● Your objective
The expected output is the full set of entries, printed exactly, without pictures.
● ● ● ● ● ● ●
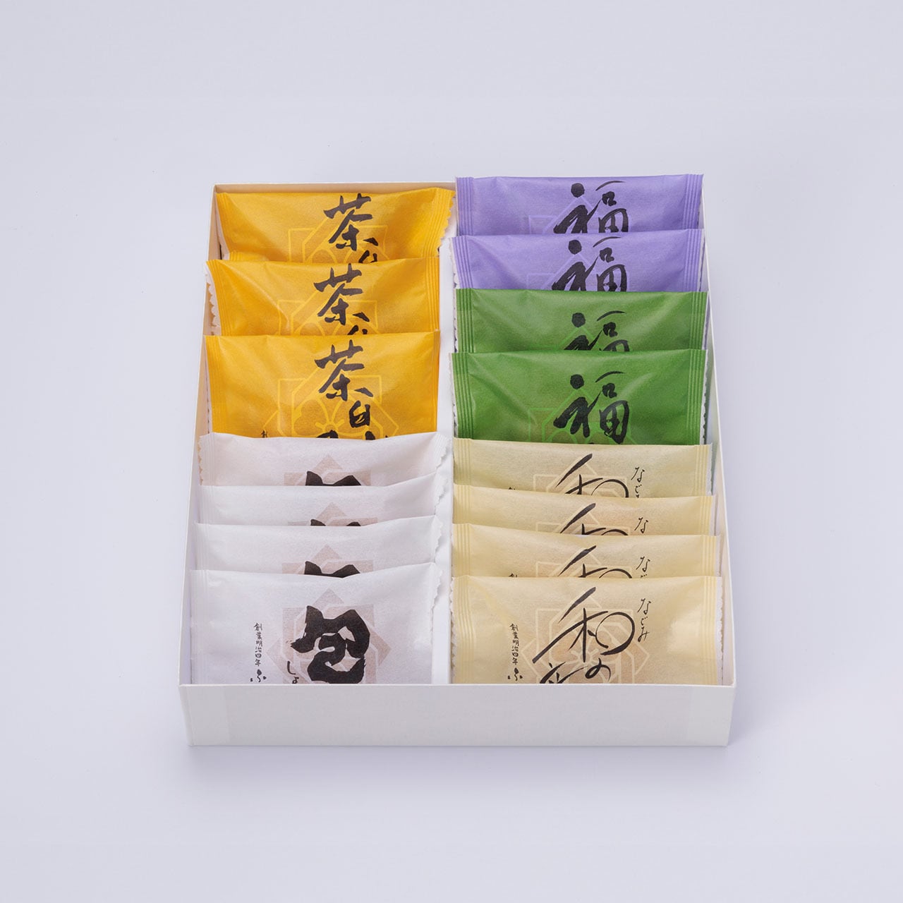 【セット内容】包:4個、和の音色:4個、福あわせ(つぶ):2個、福あわせ(抹茶):2個、茶臼山の月:3個
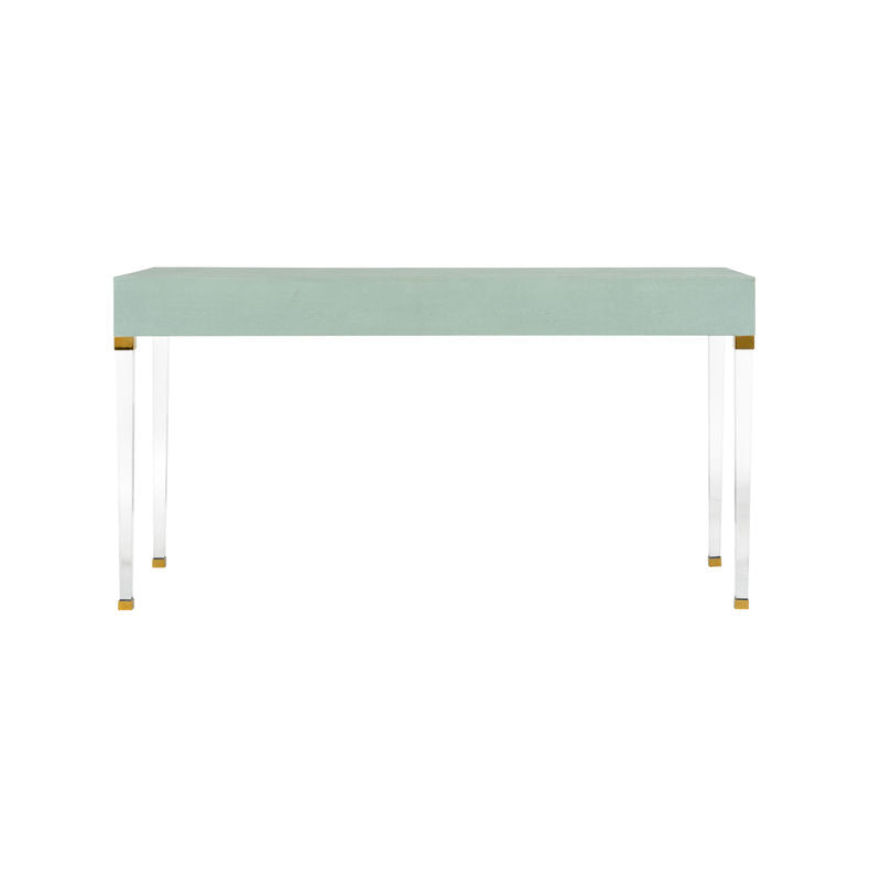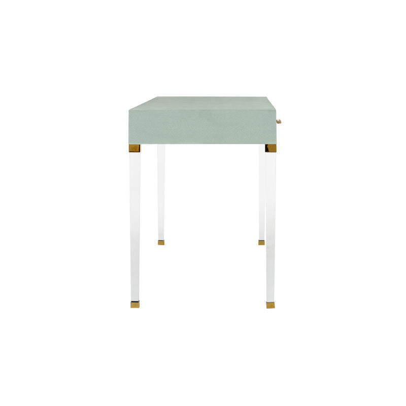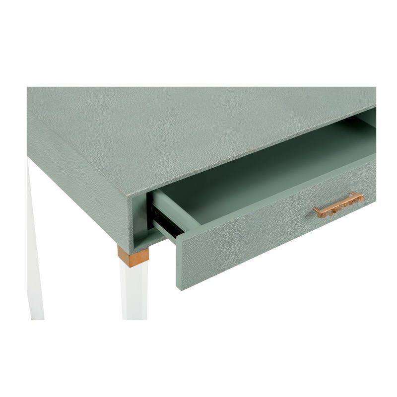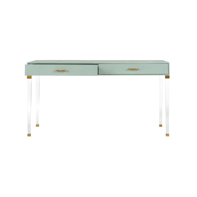 The Camilla Desk is a perfect blend of classic and modern design elements. Inspired by neoclassic shapes, it stands out with its contemporary details that add flair to any room. The desk is hand-wrapped in a light Grey/green faux shagreen, giving it a unique texture and appearance. This stylish finish harmonizes beautifully with the modern aesthetics of the piece. Designed by Shayla Copas, this desk is both functional and a statement piece, making it an excellent addition to any home or office space. The desk's standout features include its acrylic legs, which offer a sleek and airy feel. The transparency of the legs enhances the room's lightness, creating an illusion of more space.
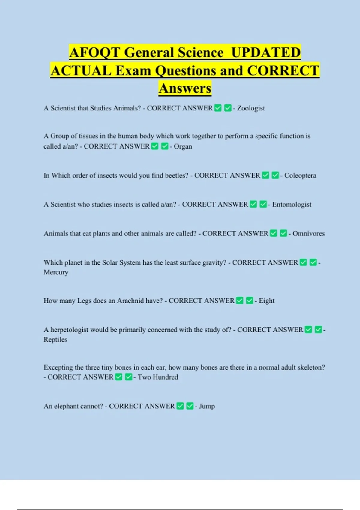 AFOQT General Science UPDATED ACTUAL Exam Questions and CORRECT Answers
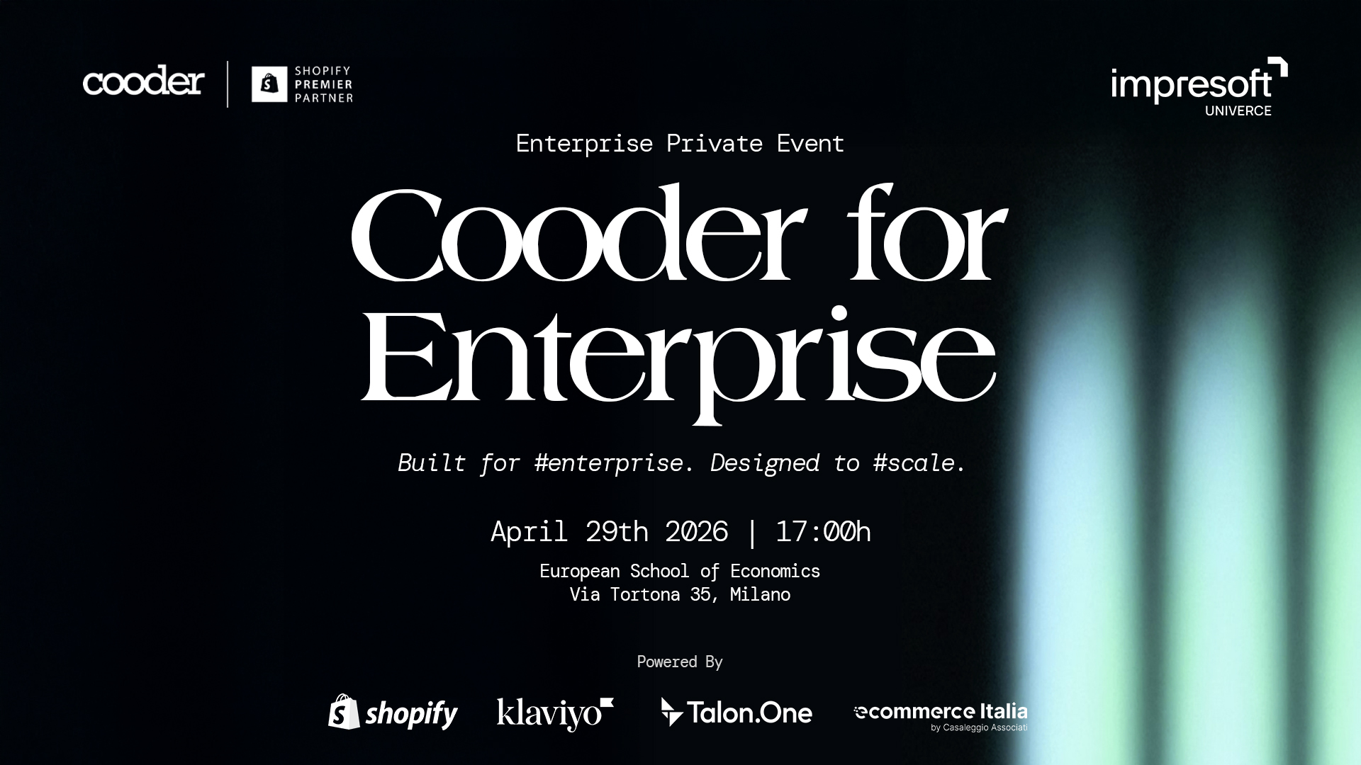 Cooder for Enterprise è un evento a numero chiuso, su invito, che riunisce C-level tra cui CTO, CIO e Head of eCommerce delle principali realtà enterprise del Paese. Non si tratta di una demo di prodotto: è un momento di confronto strategico tra chi sta valutando o ha già avviato percorsi di evoluzione delle proprie piattaforme digitali.
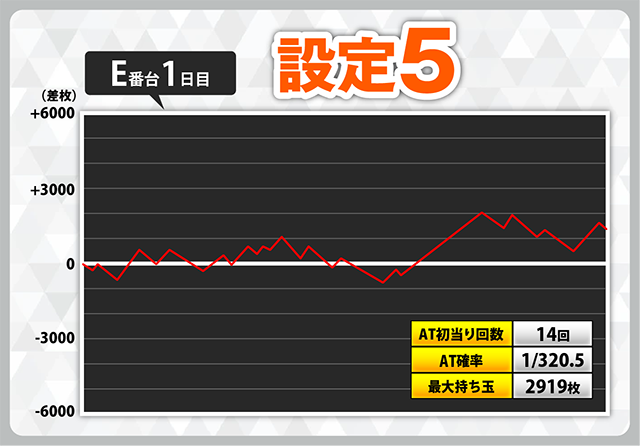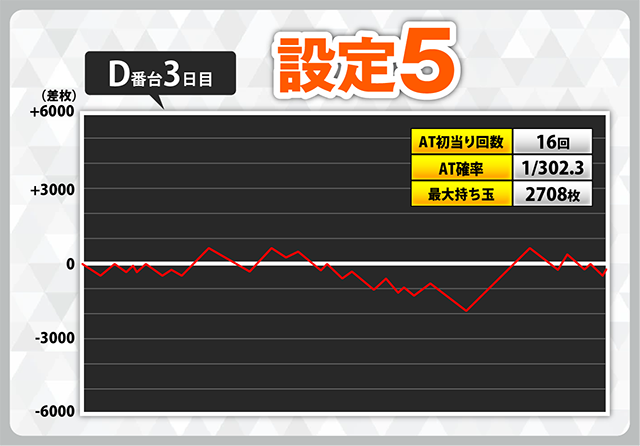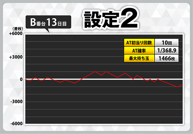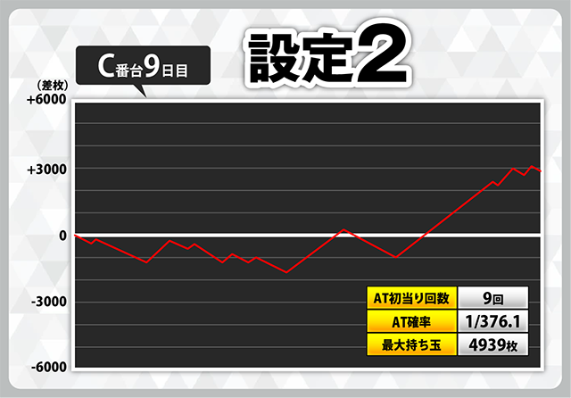 | 2 | +7044枚(設定5) | −4517枚(設定1) |
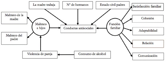 Abstract: The aim was to determine the influence of the family on antisocial behavior in non-institutionalized adolescents. The sample consisted of 929 high school students, between 14 and 17 years old. In the process, a battery of test about social-demographic data, antisocial behavior and family functioning: relationship, satisfaction, cohesion, adaptability and family communication was applied. We analyzed variables using structural equation models differentiated by sex. The results indicated that family functioning in both sexes and the number of siblings in males are considerable factors when discussing antisocial behavior. The risk factors are: child abuse and violence between parents in females, besides consumption of alcohol by parents in both sexes.
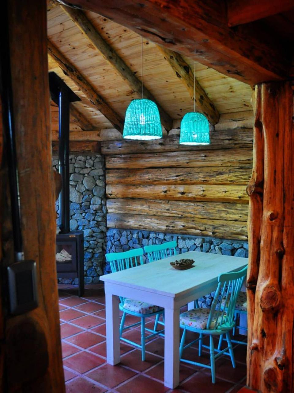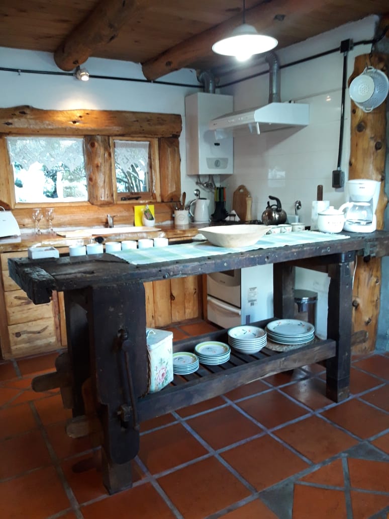 Cabaña para 5 personas, tiene una superficie de 100 m², distribuidos de la siguiente manera,la planta baja cuenta con un hall frío, cocina totalmente equipada, comedor y living con estufa a leña, habitación y baño.
● ● ● ● ● ● ●
● Task result
 【セット内容】包:4個、和の音色:4個、福あわせ(つぶ):2個、福あわせ(抹茶):2個、茶臼山の月:3個
 The Camilla Desk is a perfect blend of classic and modern design elements. Inspired by neoclassic shapes, it stands out with its contemporary details that add flair to any room. The desk is hand-wrapped in a light Grey/green faux shagreen, giving it a unique texture and appearance. This stylish finish harmonizes beautifully with the modern aesthetics of the piece. Designed by Shayla Copas, this desk is both functional and a statement piece, making it an excellent addition to any home or office space. The desk's standout features include its acrylic legs, which offer a sleek and airy feel. The transparency of the legs enhances the room's lightness, creating an illusion of more space.
 AFOQT General Science UPDATED ACTUAL Exam Questions and CORRECT Answers
 Cooder for Enterprise è un evento a numero chiuso, su invito, che riunisce C-level tra cui CTO, CIO e Head of eCommerce delle principali realtà enterprise del Paese. Non si tratta di una demo di prodotto: è un momento di confronto strategico tra chi sta valutando o ha già avviato percorsi di evoluzione delle proprie piattaforme digitali.
 | 2 | +7044枚(設定5) | −4517枚(設定1) |
 Abstract: The aim was to determine the influence of the family on antisocial behavior in non-institutionalized adolescents. The sample consisted of 929 high school students, between 14 and 17 years old. In the process, a battery of test about social-demographic data, antisocial behavior and family functioning: relationship, satisfaction, cohesion, adaptability and family communication was applied. We analyzed variables using structural equation models differentiated by sex. The results indicated that family functioning in both sexes and the number of siblings in males are considerable factors when discussing antisocial behavior. The risk factors are: child abuse and violence between parents in females, besides consumption of alcohol by parents in both sexes.
 Cabaña para 5 personas, tiene una superficie de 100 m², distribuidos de la siguiente manera,la planta baja cuenta con un hall frío, cocina totalmente equipada, comedor y living con estufa a leña, habitación y baño.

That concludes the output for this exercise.